Limited research has been conducted on PFR metabolites and male reproductive health. However, we previously reported a decrease in sperm morphology (36%), straight-line velocity (18%), and curvilinear velocity (14%) in association with BDCIPP in a previous study (n=33) men from the EARTH cohort. The same study also reported decreased sperm concentration (57%) and straight-line velocity (19%) in association with urinary DPHP (Meeker et al., 2013b). Similar relationships were detected in a study (n=50) of their parent compounds in house dust where concentrations of TDCPP and TPHP were inversely associated with sperm concentration, motility, and morphology, although only the relationship between TPHP and sperm concentration was statistically significant (p=0.01) (Meeker and Stapleton, 2009). In this more robust analysis we observed suggestive declining trends in our adjusted models among BDCIPP and DPHP with total sperm count and sample volume when modeled as continuous variables. Our observations are inconsistent with previous work, possibly as a result of substantial sample size differences.

Laboratory studies assessing the reproductive impacts of PFRs are also limited, yet suggest PFRs act as endocrine disruptors and induce oxidative stress. Several in vitro models found TDCPP to be an estrogen agonist (Kojima et al., 2013; Krivoshiev et al., 2016) while another found the hydroxylated metabolite of TPHP to have stronger estrogenic activity than the parent compound (Kojima et al., 2016). A study of mouse Leydig cells concluded TPHP failed to disrupt steroidogenesis, although increased TPHP concentrations resulted in a 1.7 fold increase in superoxide production (Schang et al., 2016). However, another study of mice found TCPP and TECP to alter antioxidant enzymes and testosterone levels (Chen et al., 2015).

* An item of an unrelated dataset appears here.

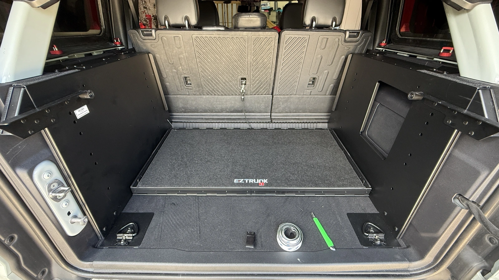 Been waiting on this for months and it finally arrived yesterday. Despite being swamped from the day job, I tackled installation last night as I needed something mindless to do for a bit. I did order the carpet kit and will install that this evening. The EZ trunk folds flat when not needed and zero rattles on the way in to work this morning. I think my bass response has improved as well. I was a bit worried it would muffle the sub.

Although novel, our study is not without limitations. While the largest study to date, our sample size is somewhat modest. Men from a fertility clinic are a selective population that potentially limit their generalizability to the men from general population (Hotaling et al., 2012). However, the semen quality of these men is comparable with the semen quality of men from the general population. Due to limited studies characterizing PFRs in male cohorts, we are unable to conclude the PFR concentrations found in our study do not reflect levels in the general population or that men from a fertility clinic would respond differently to PFR exposure. Concentrations of PFRs in our sample are similar to those measured among the female partners of the EARTH study cohort (Carignan et al., 2017), yet considerably lower compared to more recent samples of pregnant women in Durham, North Carolina (Hoffman et al., 2017b) and Shanghai, Chania (Feng et al., 2016). Contrary to PBDEs which have a long half-life, PFRs are less-persistent and samples are subject to exposure misclassification since urinary metabolite levels may reflect exposure only hours or days prior to sample collection. However, we attempted to reduce this source of error by collecting up to five urine samples per participant and previously reported levels remain moderately stable over a three month period (Meeker et al., 2013a). Finally, while we analyzed five commonly used PFR metabolites, there are other PFRs in use that should be the focus of future investigations. Thus, our results cannot conclusively determine a lack of association with all PFR metabolites.